H-1B Filings for FY 2016: The Countdown to April 1 Has Begun


Haynes and Boone, LLP’s Immigration Practice Group reminds employers with a need for Cap-Subject H-1B petitions – those applications that are subject to the annual numerical limit – that the filing window for Fiscal Year 2016 will open on April 1, 2015. Although an increase in the H-1B Cap was proposed as part of executive action immigration reform, no change has occurred. As such, the number of filed petitions is expected to exceed the Cap once again.

Over the last two years, the Cap has been reached within the first week of the filing period. For Fiscal Year 2015, approximately 172,500 H-1B petitions were filed during the first week and United States Citizenship and Immigration Services (“USCIS”) used a computer-generated random selection process. Experts predict that the Cap will again be met in the first week due to the improving economy and increased workforce hiring. Given the recent trend, employers with a need for H-1B workers should contact their attorney as soon as possible to begin preparing these petitions.

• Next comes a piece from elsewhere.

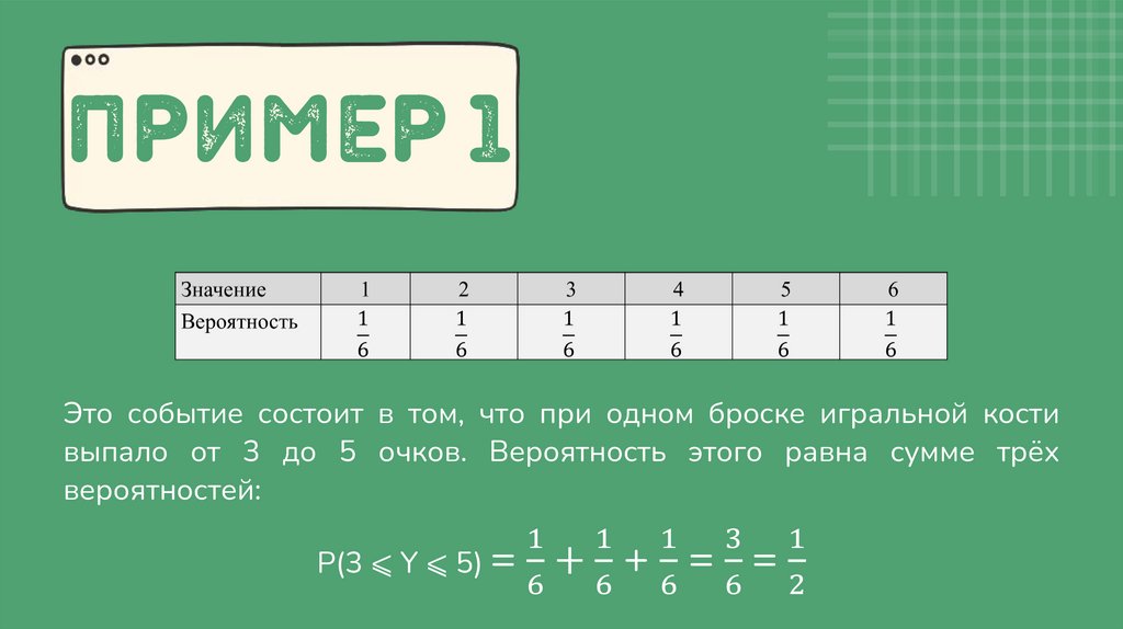 • Предположим, некто кидает игральную

The 2016 Fiscal Year runs from October 1, 2015 to September 30, 2016. Employers will be able to submit new H-1B petitions to USCIS beginning April 1, 2015 (six months before the start of the 2016 Fiscal Year) and approved beneficiaries will be able to commence their H-1B employment on October 1, 2015. USCIS will accept only 65,000 regular petitions (including 6,800 set aside for employees from Chile and Singapore) and 20,000 U.S. Master’s degree (or higher) petitions. If the Cap is reached in the first few days of April 2015 as it was the last two years, USCIS is expected to institute a random lottery process to allocate the Cap amongst those who filed petitions.

Assessing Your Cap-Subject H-1B Needs

H-1B visas are available for specialty occupations requiring the attainment of a bachelor’s degree or its equivalent. For current or transferring employees, employers should consider who might need to file an H-1B for Fiscal Year 2015:

  • Identify F-1 or J-1 employees (working under their Optional Practical Training Employment Authorization Document) who will need a change of status to H-1B;
  • Determine whether any TN employees (NAFTA professionals) or H-1B1 employees (citizens of Chile and Singapore) might want an H-1B to be eligible to apply for adjustment of status to a permanent resident;
  • Review those employees who are on expiring O visas which are renewable in only one year increments (as compared to the three-year visa period under an H-1B);
  • Check whether your transferring employees who currently hold an H-1B have already been counted against the Cap (note: anyone who is coming to you from an employer that is exempt from the numerical limit (“Cap-Exempt”) will not have been counted toward the Cap and under that transfer, may now fall within the quota); and
  • Consider whether you employ someone in L-1B status (intra-company transferees with specialized knowledge) who might need to switch to an H-1B to gain an additional year of status.

Cap-Exempt Circumstances

Employers may be exempt from the numerical limit in certain situations. These Cap-Exempt situations include: higher education institutions and related non-profits; non-profit or government research organizations; and beneficiaries who have held H-1B status in the last six years (but have not exhausted their entire six-year period).